O ministro das Relações Exteriores sérvio, Vuk Jeremic, aguarda decisão do CIJ em Haia. Foto: Reuters

O ministro das Relações Exteriores sérvio, Vuk Jeremic, aguarda decisão do CIJ em Haia
Foto: Reuters

O ministro sérvio das Relações Exteriores, Vuk Jeremic, assegurou nesta quinta-feira que seu país jamais reconhecerá a autoproclamada independencia de Kosovo, depois que a Corte Internacional de Justiça (CIJ) ditar que essa decisão não violou o direito internacional.

"Jamais reconheceremos a proclamação unilateral de independência de Kosovo", declaruo Jeremic à imprensa na porta da CIJ em Haia, acrescentando que a Sérgia tinha "dias difíceis" pela frente e lançou um pedido de calma.

A declaração de independência de Kosovo não violou o direito internacional geral, decidiu nesta quinta-feira a Corte Internacional de Justiça (CIJ).
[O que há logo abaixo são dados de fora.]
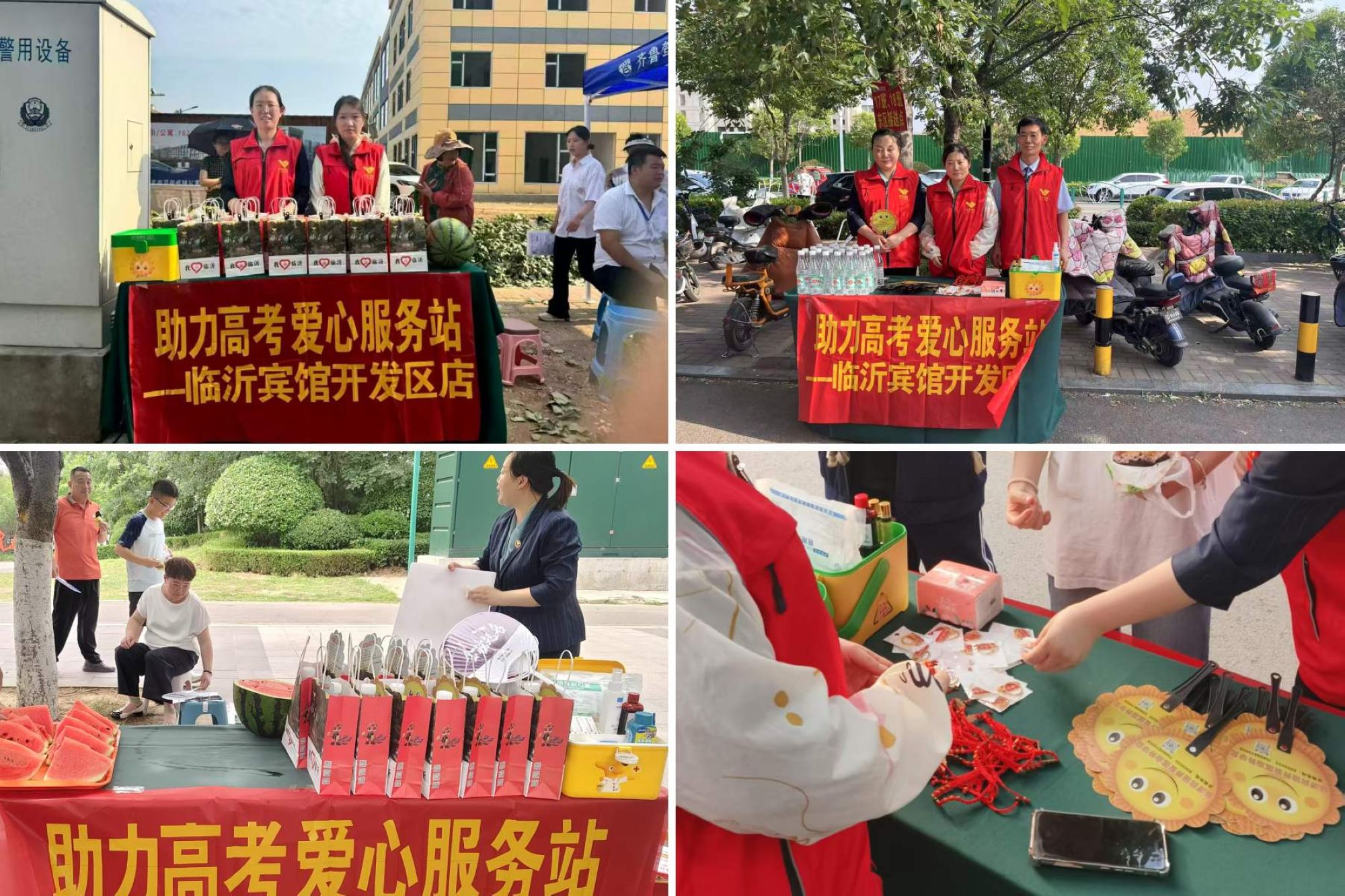 沂蒙路店在臨沂一中、臨沂二中及臨沂七中等考點設(shè)置了6個愛心助力高考服務(wù)站,免費為考生及家長提供礦泉水、西瓜、手工小點心等降溫解渴的物品。

"A declaração de 17 de fevereiro de 2008 não violou o direito internacional geral", afirmou o presidente da CIJ, Hisashi Owada, em uma resolução não vinculante do tribunal com sede em Haia solicitada pela Assembleia Geral da ONU.
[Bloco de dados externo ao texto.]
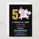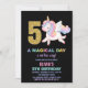 Convites 5 Rainbow Unicorn Aniversário Invoca Preto

Em declarações anteriores à leitura da decisão, o ministro sérvio das Relações Exteriores, Vuk Jeremic, havia advertido que todas as fronteiras do mundo correriam perigo caso a CIJ desse seu apoio à secessão de Kosovo, em alusão a outras regiões que poderão seguir seus passos e proclamar sua independência.

Sessenta e nove países, incluindo os Estados Unidos e 22 dos 27 membros da União Europeia, reconheceram a independência de Kosovo, que conta com 2 milhões de habitantes, dos quais 90% são albaneses. Somente a Espanha não reconheceu.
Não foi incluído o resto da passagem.